El vacío los arrojó sin piedad. Cayeron envueltos en un torbellino de luz y sombras, hasta que finalmente, sus cuerpos tocaron tierra firme.
Eira abrió los ojos jadeando. Estaba de vuelta en su mundo, bajo un cielo encendido de rojo. El aire olía a humo, a ceniza. Los bosques estaban ardiendo. A su lado, Kael se incorporó, aún con la espada fusionada entre sus manos, su brillo ardiendo como un fragmento de sol caído.
—Lo logramos —susurró él, tomando la mano de Eira—. Pero nada es igual.
Ella miró el horizonte y lo comprendió. Alzándose sobre los valles, miles de antorchas brillaban como estrellas en marcha. Eran ejércitos. Su pueblo. El de Kael. Ambos movilizados hacia la guerra.
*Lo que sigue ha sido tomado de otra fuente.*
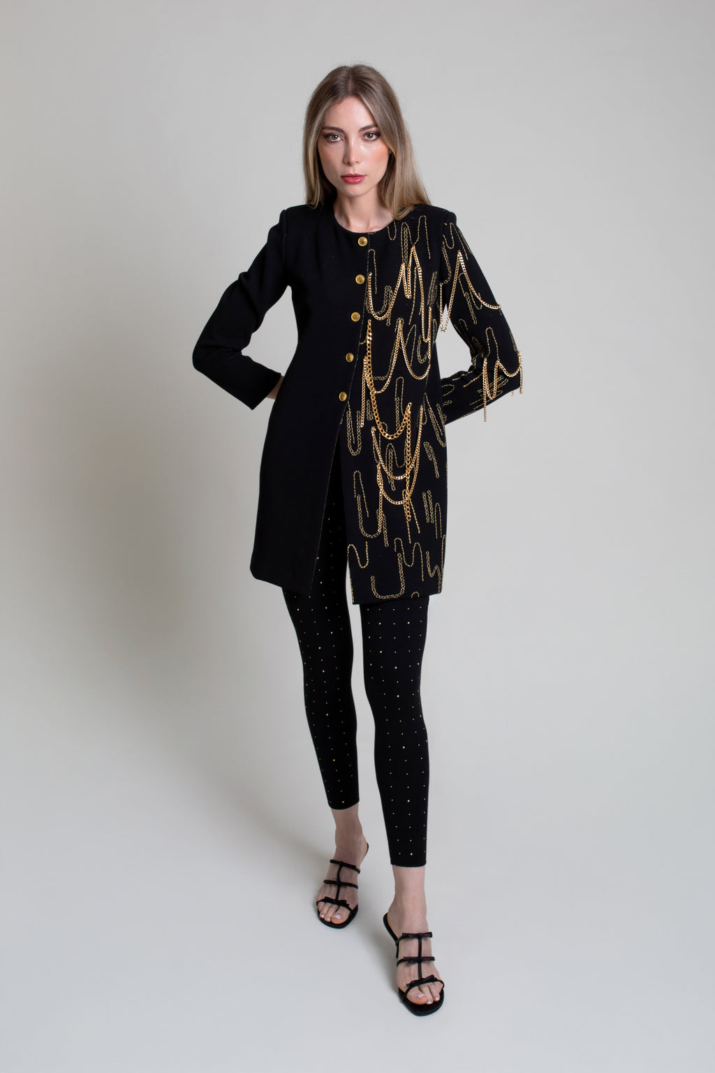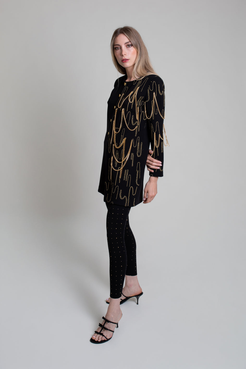 Pantalón de punto tipo legging con adorno de tachas metálicas. Modelo de corte muy ajustado con cintura con goma

El eco del Reino Velado había cumplido su advertencia.
Caballos galopaban, estandartes ondeaban. Eira reconoció el escudo de su padre, el rey que había jurado jamás permitir que su hija se uniera al enemigo. Y en la distancia, los dragones de Kael surcaban el cielo, escupiendo fuego que hacía temblar la tierra.
Todo se dirigía hacia una batalla inevitable.
Eira apretó los labios.
—Ellos no lo entenderán.
Kael colocó una mano en su mejilla.
—Entonces tendrán que verlo con sus propios ojos.
Ella sostuvo la espada fusionada entre ellos.
—¿Crees que esto… —sus dedos acariciaron la hoja ardiente— puede ser suficiente para cambiar el curso del destino?
Él sonrió, cansado pero desafiante.
—No sé si es suficiente para cambiar el destino… pero es suficiente para abrirnos paso.
La primera línea de soldados emergió de los bosques. Arqueros tensaron sus cuerdas, lanzas se alzaron hacia el cielo. Los ojos de ambos ejércitos estaban fijos en ellos. En la princesa y el príncipe. En los traidores.
Un rugido recorrió el aire. Y entonces, en medio de la tensión, Kael alzó la espada en alto. El filo ardió, iluminando todo el valle como si el sol hubiese bajado a la tierra.
Los soldados retrocedieron, confundidos. El poder que emanaba de esa unión no pertenecía a ningún reino, ni a ninguna criatura conocida. Era nuevo. Era prohibido.
Eira habló, su voz clara como una campana en el silencio de la guerra:
—¡Escúchenme! Hemos caminado por la muerte, enfrentado las sombras y roto las cadenas de los dioses. No somos enemigos, ni verdugos. Somos el puente que temen. ¡Y no retrocederemos!
Las palabras resonaron como un trueno. Algunos rostros entre las filas temblaron, otros apretaron los dientes con rabia.
Thalyss apareció, invisible para todos menos para ellos. Su figura etérea se alzó en lo alto de una colina, observándolos en silencio. No había ira en sus ojos ahora, sino una extraña aceptación.
—El Reino ya no los reclama —dijo con voz de eco—. Son libres. Pero la libertad siempre tiene un precio.
Eira y Kael no respondieron. Sabían cuál era ese precio: el inicio de una guerra que solo ellos podrían intentar detener.
Se miraron una última vez, antes de enfrentar el futuro. En medio de dos ejércitos enemigos, de dragones y estandartes, de miedo y esperanza, se estrecharon las manos.
No eran princesa ni príncipe. No eran enemigos ni aliados.
Eran amor.
Eran llama.
Eran el comienzo de una nueva era.
Y cuando avanzaron hacia los ejércitos, el mundo entero tembló con ellos.